Nous avons une vingtaine de signataires et sur les treize pays qui l’ont ratifié, dix ont déposé leur instrument de ratification, une formalité nécessaire à sa validation. Ce traité est consensuel mais il nous faut convaincre les leaders africains au plus haut niveau pour leur expliquer pourquoi cette structure manque concrètement au continent. C’était un sujet qui était, jusqu’alors, souvent présenté sous un angle technique. Nous constatons un véritable engouement car notre plaidoyer n’est pas aride, il est incarné par la réalité quotidienne de la pandémie. Je suis très satisfait des réactions que j’ai pu rencontrer sur le terrain. En seulement un mois et demi, plusieurs pays où je me suis rendu ont activé leur processus de ratification, comme la Sierra Leone, l’Algérie ou le Maroc. Si les choses continent à ce rythme, ce sera le traité dont la ratification aura été la plus rapide au niveau africain.

L’harmonisation des régulations pose d’importants défis techniques mais aussi financiers, le coût d’une telle agence peut-il également représenter un frein pour certains États ?

Nous devons réussir à nous montrer créatifs. Les mécanismes de régulation qu’une telle agence apportera compenseront d’autres pertes comme celles liées aux faux médicaments. Rien qu’au Cameroun, ils entrainent 400 milliards de CFA de pertes pour l’État. C’est d’autant plus terrible que ce marché parallèle enrichit des réseaux mafieux. De nouveaux marchés s’ouvriront par ailleurs avec l’AMA, qui permettra aux industriels africains de monter des partenariats profitables avec des industriels du nord. Des taxes peuvent aussi être envisagées sur certains produits pour mobiliser des ressources rapidement.

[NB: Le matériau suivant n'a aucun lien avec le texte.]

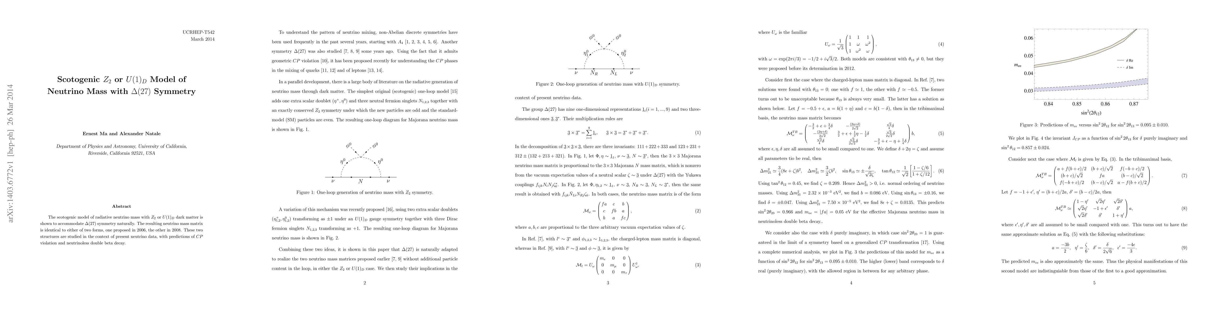 This paper explores the scotogenic model for neutrino mass generation, incorporating either $Z_2$ or $U(1)_D$ symmetry for dark matter, and demonstrates its compatibility with $\Delta(27)$ symmetry. It analyzes the resulting neutrino mass matrix structures and their implications for CP violation and neutrinoless double beta decay.

Vous heurtez-vous également à des enjeux de souveraineté nationale ?

Je pense que la notion de souveraineté continuera d’exister mais elle ne représentera pas un point de blocage important dans la mesure où des pôles d’excellence sous-régionaux seront créés et assureront une meilleure intégration du marché. En permettant des achats groupés et en faisant en sorte que la pharmacopée africaine se développe, l’AMA œuvrera dans l’intérêt de tous. En Europe par exemple, chaque pays conserve ses mécanismes propres et sa souveraineté mais chaque fois que cela a été nécessaire, l’Agence européenne du médicament a pris le pas sur les décisions pour éviter des crises.

La future localisation du siège de l’agence fait l’objet de convoitises, en coulisses les discussions achoppent-elles sur ce point ?

Cela joue plutôt en notre faveur car les quinze premiers pays à ratifier le traité de l’AMA se mettront autour de la table pour définir le cadre stratégique dans lequel l’agence évoluera et seront donc force de proposition. Toutes les candidatures seront par ailleurs analysées avec des règles précises, comme l’UA les applique depuis longtemps, selon des critères partagés avec tous.